There was a notable success in the show arena at Skipton Auction Mart for one of the apprentices, 17-year-old Emily Smith, who farms with her parents John and Lyne at Glen Farm, Carleton.

At CCM’s annual evening show and sale of registered Swaledale rams, Emily was over the moon when her 3-shear aged ram sold at £1200, going to Nidderdale with Paul Newbould, of A Newbould & Son, Dallowgill.

Emily, who works part-time at Skipton, is among a group of young people aged 16-18 working towards the qualification, purpose-designed to help fill an acute shortage of young farm workers currently coming into the agricultural sector.

The pioneering project involves placements at Skipton Auction Mart to gain sale day work experience, running alongside farm-based experience at local farms, which offers an across-the-board range of working practices and disciplines involving cattle, sheep and pigs, and all other general agricultural-related activities such as milking, calving, lambing, feeding, bedding, tractor and machinery handling, husbandry and treatments.

It is supplemented by day release training at Craven College, which for many years has maintained a major on-site presence at the auction mart site, specialising in agricultural-related courses such as Agriculture Crops and Livestock, Countryside Management and Gamekeeping, Equine Care and Management, Horticulture, Landscaping and Sports Turf.

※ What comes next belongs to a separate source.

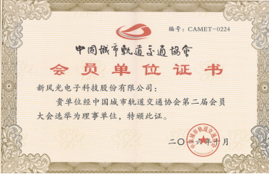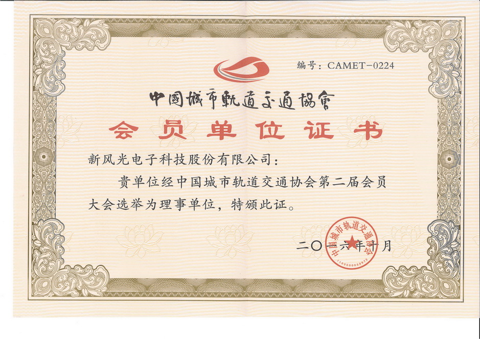 中國城市軌道交通會員單位證書

At CCM, the scheme is being administered by Andrea Wade, who works in the mart office and farms in Cononley with her husband Robert, one of the local farmers involved in the project.

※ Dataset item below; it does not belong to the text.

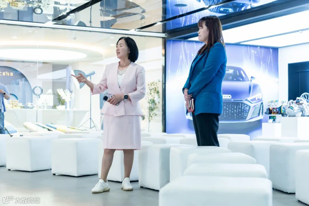 在应总的陪同下,记者们饶有兴趣地参观了我们的元宇宙展厅,深入了解我们用数智驱动在外贸领域的科技创新成果。
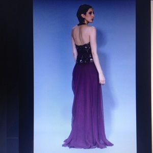 Halter neck evening dress. Body: 100% silk chiffon with gold leather and French beaded lace details at waist and chest. Made in USA from imported fabrics. Original design by Daniela Vlad.

She is well-equipped for the role, having previously worked as a secondary school teacher for 23 years, latterly for ten years as Deputy Headteacher responsible for curriculum development, staff professional development and collaboration with other secondary schools and Post-16 providers in Pendle to ensure good outcomes and progression routes for young people, Andrea reports that as the first cohort of four commence their second year of training, the ground-breaking programme has welcomed two new apprentices.

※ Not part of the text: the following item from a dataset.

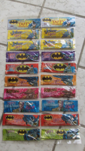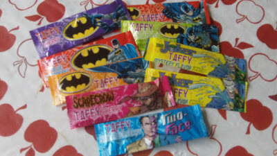 Strolling down the aisles of the local Dollar Tree, I observed this set of nine - count ‘em, NINE - sealed candies, which is remarkable for two primary reasons. First and foremost, that’s an absolute shit ton of candy for just a dollar, and I’ll be several shades of darned if the artwork on the packages wasn’t half-way awesome-looking. And for four measly quarters, you bet your sweet derrière that I’ll take a gamble on a sugary comestible that has the Scarecrow’s face on it.

Thomas Gray, from Steeton, has teamed up with Simon Kavanagh, of West Berwick Farm, Draughton, to begin his apprenticeship, finding his feet working with chickens, suckler cattle and sheep on Simon’s farm. Thomas’s father Andy Gray works at Ripon Farm Services, while grandfather David has a smallholding on Silsden Moor lambing a small flock of sheep.

The second newcomer, Joseph Davison, of Silsden, has begun working with Ben and Sam Chapman, from RM Shackleton, Broughton Fields, enjoying his role both in the dairy unit and with sheep. Joseph is the younger brother of Harvey Davidson, who was among the first cohort of last year’s apprentices and who lives with and has helped out on CCM regular Simon Bennett’s farm on Silsden Moor.

CCM’s general manager and auctioneer Jeremy Eaton commented: “The intention is to allow students to network and identify potential opportunities in the land-based sector, whilst at the same time opening up the possibility of a flexible part-time job beyond the end of the apprenticeship. This could well allow them to transition into a full-time role somewhere or even create their own freelance contracting business amongst the contacts that they create.”